Canada’s euthanasia activists will not be happy until every life-affirming institution is destroyed

Some of you may remember the powerful, heartbreaking story of 81-year-old Christine Nagel, the Canadian woman – who doesn’t approve of tattoos – who had the phrase “Don’t Euthanize Me” tattooed on her upper arm, just to ensure that no medical practitioner could ever claim that she’d requested a lethal injection. Amanda Achtman recorded her story for the “Dying to Meet You” project: 

For the same project, Achtman recently interviewed Roger Foley, a Canadian man with disabilities who has been offered euthanasia multiple times (I interviewed Foley here on LSN last week). Foley says that being offered euthanasia feels like a profound violation – that he feels as if he is hanging off a cliff and that medical practitioners are stomping on his fingers. But this is the reality in Canada’s euthanasia regime: a lethal injection can be offered even to those struggling with suicidal ideation and those in their weakest and most vulnerable moments. 

This, Achtman noted, highlights the essential need for institutions that are exclusively life-affirming. “There’s a need for euthanasia-free healthcare spaces, not only to protect the integrity of Catholic institutions but also because many patients—including nonreligious patients like Foley—wanted to be treated in facilities that don’t raise euthanasia with patients,” she wrote. She’s right. The difficulty is that these spaces – where they exist – have become targets for suicide activists who want euthanasia offered everywhere. 

The Delta Hospice Society, for example, fought euthanasia activists for years – simply for the right not to offer assisted suicide. After a protracted struggle, British Columbia’s Fraser Health forced the DHS to turn over the building over their refusal to cooperate with the euthanasia regime – a building purchased with funds donated largely by pro-life supporters. As LSN reported last month, the DHS is now launching a “Do Not Euthanize” registry to protect vulnerable Canadian patients. Suicide activists are now targeting St. Paul’s Hospital in downtown Vancouver and challenging a ban on euthanasia in all Catholic Church-run hospitals.  

Proponents of Canada’s euthanasia regime will not be happy until every life-affirming environment has been utterly transformed, and they are attempting to drive opponents of assisted suicide and euthanasia out of every institution – or force collaboration and complicity. Dr. Jerome Lejeune, the famed pro-life pediatrician and geneticist, once observed: “A day will come when clinics will put a sign on their door: ‘Here we do not kill,’ and patients will rush to these places of life.” It is true – but unfortunately, euthanasia activists are rushing to them, as well. 

But as euthanasia researcher Alexander Raikin noted, some institutions are holding firm and openly declaring their opposition to the regime. “Over the past couple years, posters like this have been popping up across Canada,” he wrote on X. One poster was from L’Arche Canada. “This organization WILL NOT recommend, suggest, or refer you to Medical Aid in Dying as an alternative to assisting in obtaining the necessary supports and services you require,” it reads. “You are safe here.” 

Another nearly identical poster, from Inclusion Canada: “You are important.

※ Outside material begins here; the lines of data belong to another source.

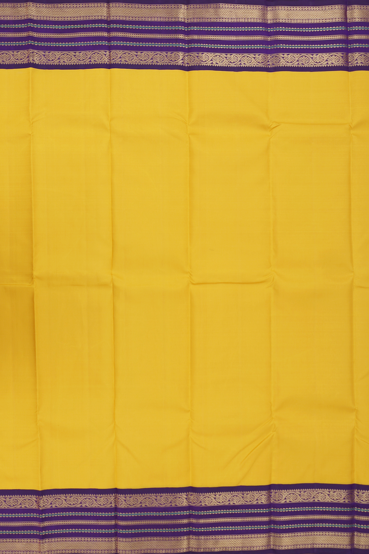Kanchipuram Silk Saree In Plain Yellow With Korvai Border
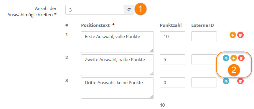 Wählen Sie den Themenbereich aus, in dem diese Position angezeigt werden soll. Die Punktzahl der Position fließt dann in die Gesamtbewertung dieses Themenbereiches ein. |
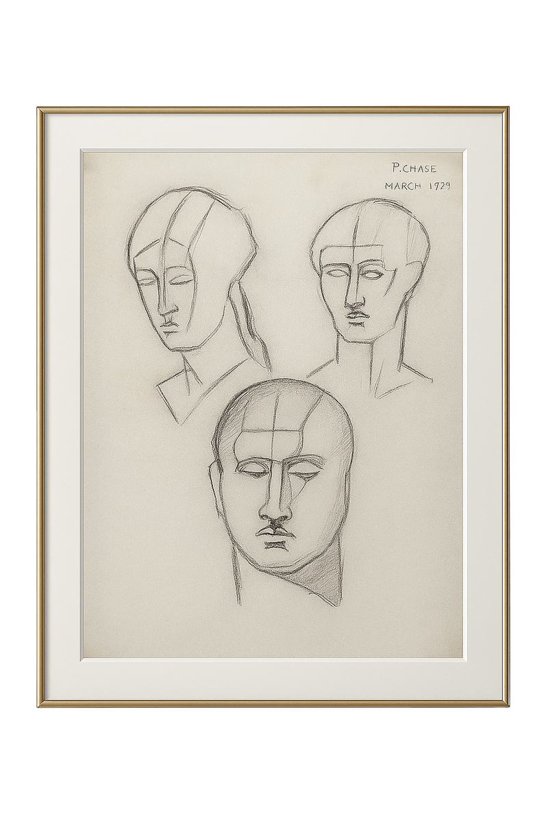 Three schematic head studies examine facial proportions through simplified planar breakdowns. These analytical constructions were core to early 20th-century academic training, distilling complex forms into essential geometry. A practical yet expressive exercise in visual logic.
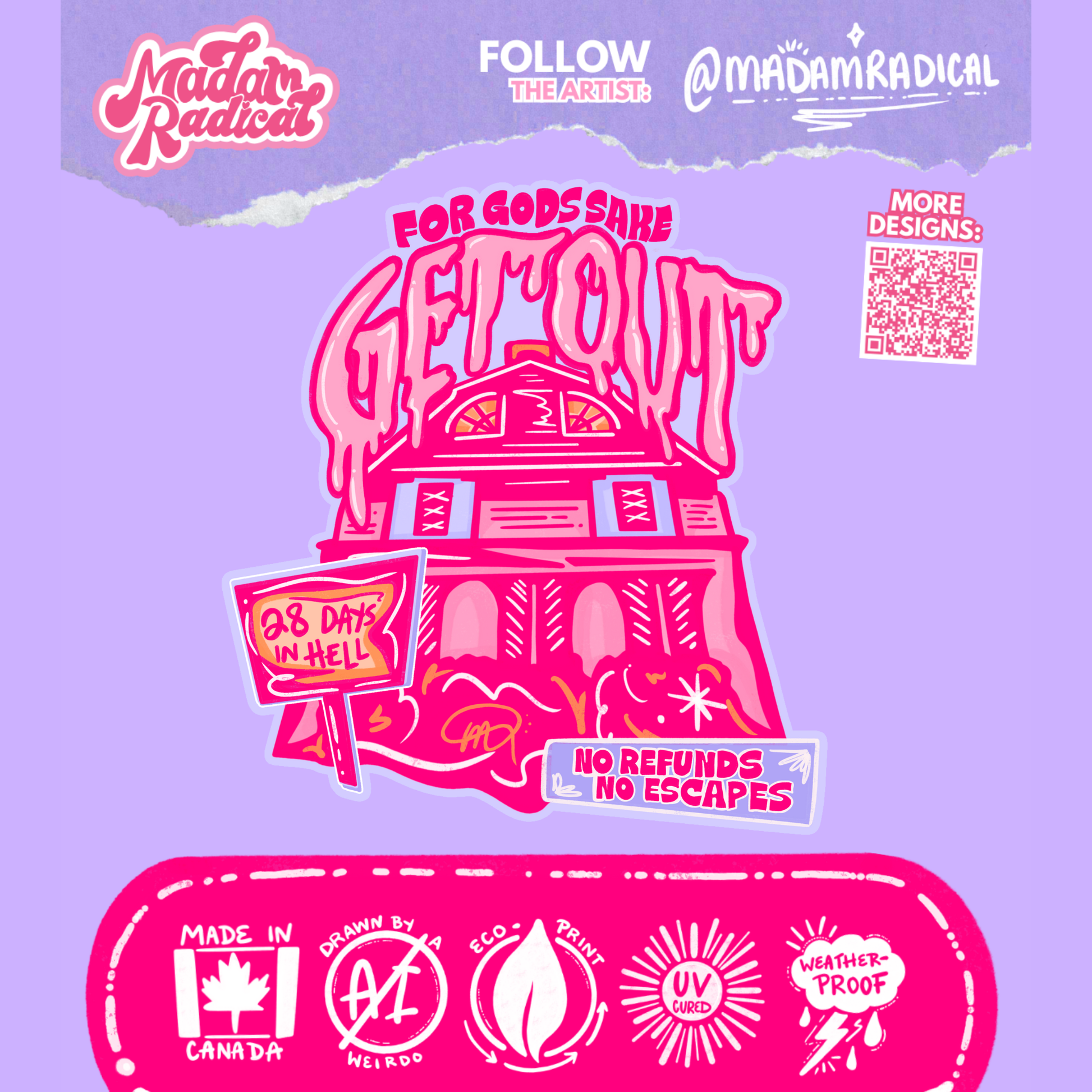 “For God’s Sake, Get Out” Amityville Horror House Design Nostalgia Satire Novelty Waterproof Vinyl Sticker DTF (Copy)

You are valuable. Your needs are important. This organization WILL NOT recommend, suggest, or refer you to Medical Aid in Dying as an alternative to assisting in obtaining the necessary supports and services you require. You are safe here.” It is heartbreaking that it needs to be said, but such is life – and death – in Trudeau’s Canada. 

Lejenune was right. Despite the hostile opposition we face in Canada, creating “places of life” for people to flee to is essential. We must commit ourselves to taking care of our elders. We must advocate for them in all medical spaces. We must seek out places where vulnerability will be respected, not exploited with offers of “MAiD.” Canada’s euthanasia regime is likely to get worse before it gets better, and we should be prepared for that. For as American ethicist Stanley Hauerwas once wrote: “In a hundred years, if Christians are identified as people who do not kill their children or the elderly, we will have done well.”